As discussed above, clinical traits alone did not produce desirable predictability for asthma exacerbation. We did, however, exclude one predictor that is a strong predictor of severe exacerbations - prior exacerbations [
37]. The rationale for excluding this predictor was that we were interested in developing a predictive model based upon determinants of exacerbations; these determinants would by their nature include both prior and current exacerbations. Moreover, since we sought to determine genetic predictors of exacerbations, the inclusion of prior exacerbations would mitigate the strength of the genetic association in our analyses.
One of the reasons that clinical predictors may not have provided the same strength of prediction as our genetic models is that many of the clinical traits themselves are genetically determined. Indeed, our results (Figure ) have shown that without clinical traits, SNPs alone can predict as well as with the clinical traits, suggesting asthma exacerbations are at least partly caused by genetic factors. For instance, among our clinical predictors, sex is genetically determined; age itself is not genetic, but it may be associated with age of onset due to the patient recruitment process, and age of onset in turn can be genetic [
38,
39]; and pre-bronchodilator FEV
1% is influenced by genetics, especially in children.

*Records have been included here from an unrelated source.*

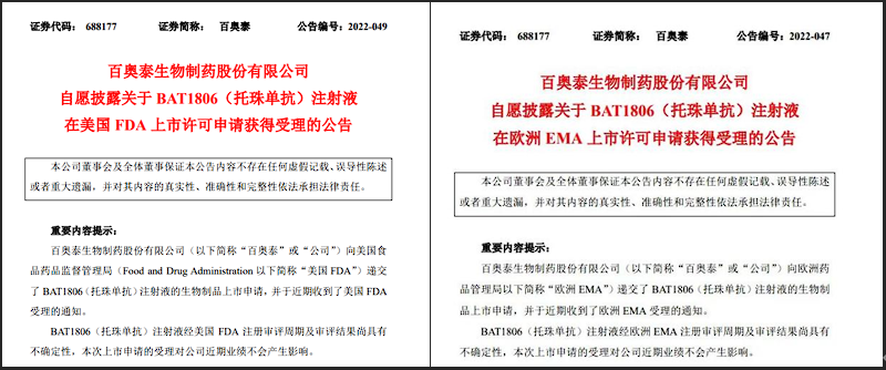 除此之外,2022年12月,百奥泰公告,该药的生物制品许可申请(aBLA)获美国FDA受理。在此之前,2022年9月,BAT1806/BIIB800 的上市许可申请(MAA)已获欧洲药品管理局(EMA)受理。
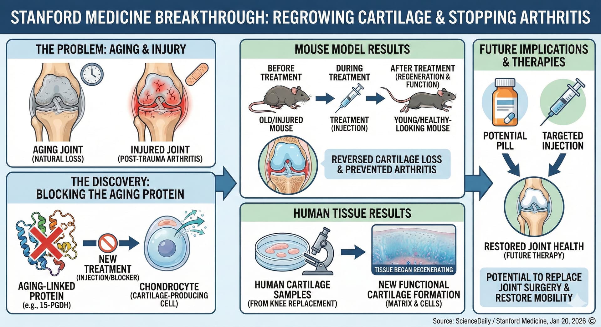 - The Logic: PGE2 is essential for tissue regeneration (muscle stem cell proliferation, mitochondrial function, cartilage repair). As mammals age, 15-PGDH levels rise, PGE2 levels fall, and regenerative capacity declines.
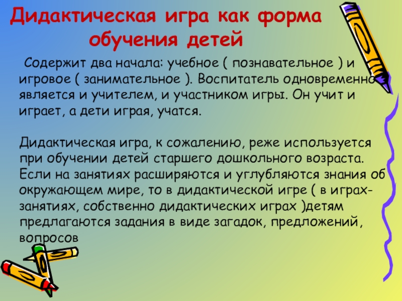Дидактическая игра, к сожалению, реже используется при обучении детей старшего дошкольного возраста. Если на занятиях расширяются и углубляются знания об окружающем мире, то в дидактической игре ( в играх-занятиях, собственно дидактических играх )детям предлагаются задания в виде загадок, предложений, вопросов
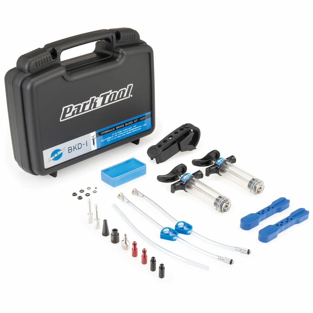 Le kit de purge de freins hydrauliques BKD-1 purge la plupart des modèles de freins hydrauliques à base de D.O.T.. Les systèmes hydrauliques doivent être purgés pour éliminer les bulles d’air et être remplis de nouveau fluide propre. Conçu et fabriqué pour les loisirs et pour les rigueurs de l’utilisation quotidienne en atelier, il comprend deux seringues, des tuyaux avec des colliers d’arrêt, des blocs de purge de différentes tailles, des entonnoirs de purge et un porte-seringue attachable unique.
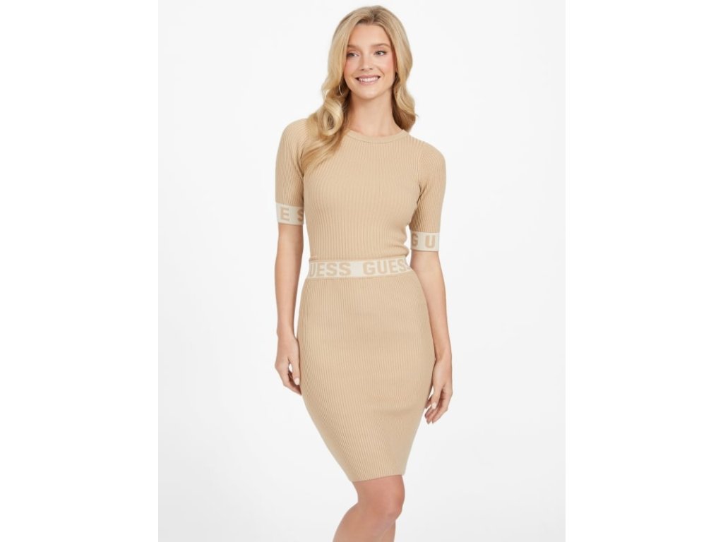 Dámský top Guess z úpletového materiálu. Ve 2 odstínech béžové barvy s logem na rukávech.
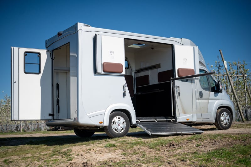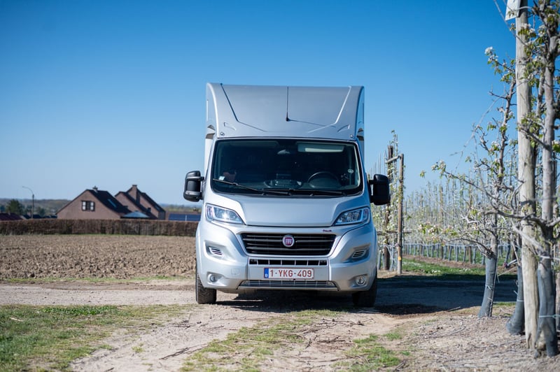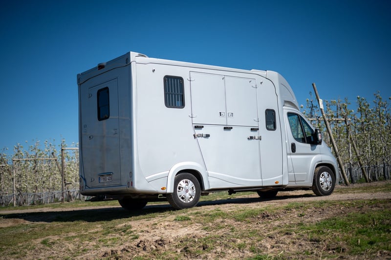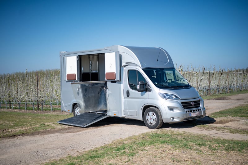 Deze Fiat Ducato 2.3 turbo is te koop van de 2de eigenaar. De luxueuze cabine biedt officieel plaats aan 5 personen en heeft een dubbele cabine met slaapplaats voor 3 personen. Er is een achteruitrijcamera aanwezig die tevens de laadruimte weergeeft. De laadruimte is voorzien van rustgevend blauw licht. De zadelkamer is apart voorzien van verlichting. De huidige kilometerstand bedraagt 196.000 km. Het betreft een hengstenuitvoering met zeer stevig tussenschot. Dit schot kan heel eenvoudig verschoven worden zo krijgt u één grote box voor jonge paarden of merries met veulen. Achteraan hebt u een ruime deur die toegang geeft tot een ruime zadelkamer met 2 zadelsteunen en enkele hoofdstelhouders. Via stevige deuren hebt u toegang tot elk paard afzonderlijk. Bij het laden van het tweede paard kan u deze ruimte afsluiten door een sterke buis met rubberen flap. Zo is het niet noodzakelijk altijd de ramp te sluiten. Deze wagen is uitgerust met trekhaak voor aanhangwagen tot 3 ton.

There were several potential limitations to our study. We have already discussed the limitation due to a limited sample size. One potential problem is that with more than 160 SNPs, the training AUC keeps increasing (Figure ), but the replicating AUC does not. This suggests that the chance of getting false positive SNPs increases with the number of SNPs used for prediction. One way to reduce false positive SNPs is to increase the sample size, which is costly.